Coating implantable medical devices with antimicrobial compounds provides a technique for deep tissue drug delivery that can significantly reduce the risk of post implantation infections. Coating procedures should employ broad spectrum antimicrobials that are effective against most post surgical infections, especially MRSA infections. The antimicrobials need to be soluble in physiological fluids and must be stable enough to survive processing steps required to successfully coat the medical device. Ideally, a synergistic antimicrobial combination should be used. Non-limiting examples of antimicrobial combinations are described in U.S. Pat. Nos. 5,624,704 and 5,902,283, the entire contents of which are herein incorporated by reference. Moreover, the antimicrobial coating procedure must employ methods and materials that are compatible with the antimicrobial and the material used to make the medical device. Medical devices, specifically implantable types, can be fabricated from a wide variety of biocompatible compounds including metals and polymers. Each material presents its own unique challenges to material scientists when it is necessary, or desirable, to coat medical devices with bioactive materials. However, all coating methodologies share common objectives including the need to maximize expensive and labile coating solutions, minimize environmental contamination, provide the medical device with an even coating, and maintain an efficient, controlled process that complies with Federal Food and Drug Administration (FDA) Good Manufacturing Practices (GMP). Tedious manual methods of batch coating medical devices cannot achieve these goals for all medical devices on a consistent basis.

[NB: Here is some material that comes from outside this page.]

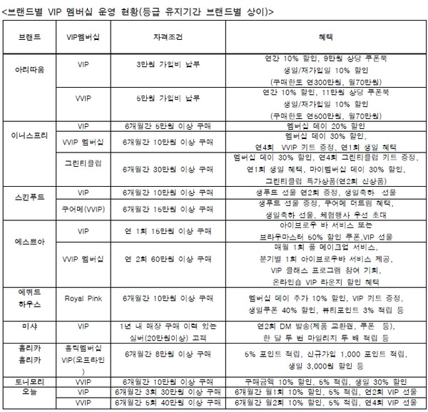 특히 최근 각 브랜드숍에서는 [VIP 등급]을 더욱 강화하고 있다.

The size, shape and composition of the medical devices can significantly limit manual methods. Moreover, lot-to-lot consistency, GMP compliance and product throughput are all greatly enhanced when automated, or semi-automated, processes are involved. Moreover, non-automated processes subject expensive coating solutions to contamination and excessive waste resulting from spillage and product handling. Additionally, many polymeric compounds used to make medical devices are coated using harsh and often toxic solvent mixtures in order to imbibe the coating material into the devices. Exposure to these solvents poses a potential risk to personal, equipment and the environment that can be best minimized by coating in a closed system, a process incompatible with most manual methods.
Therefore, there is a need for methods and systems that can provide implantable medical devices with antimicrobial coatings. Moreover, there is a need for methods and systems that can provide antimicrobial coatings in a closed system that reduce exposure to toxic solvents, maintain coating solution integrity for prolonged periods, allow for maximum product throughput, provide the medical device with a consistent, even coating, minimize product handling and accomplishes these goals in an FDA GMP compliant manner.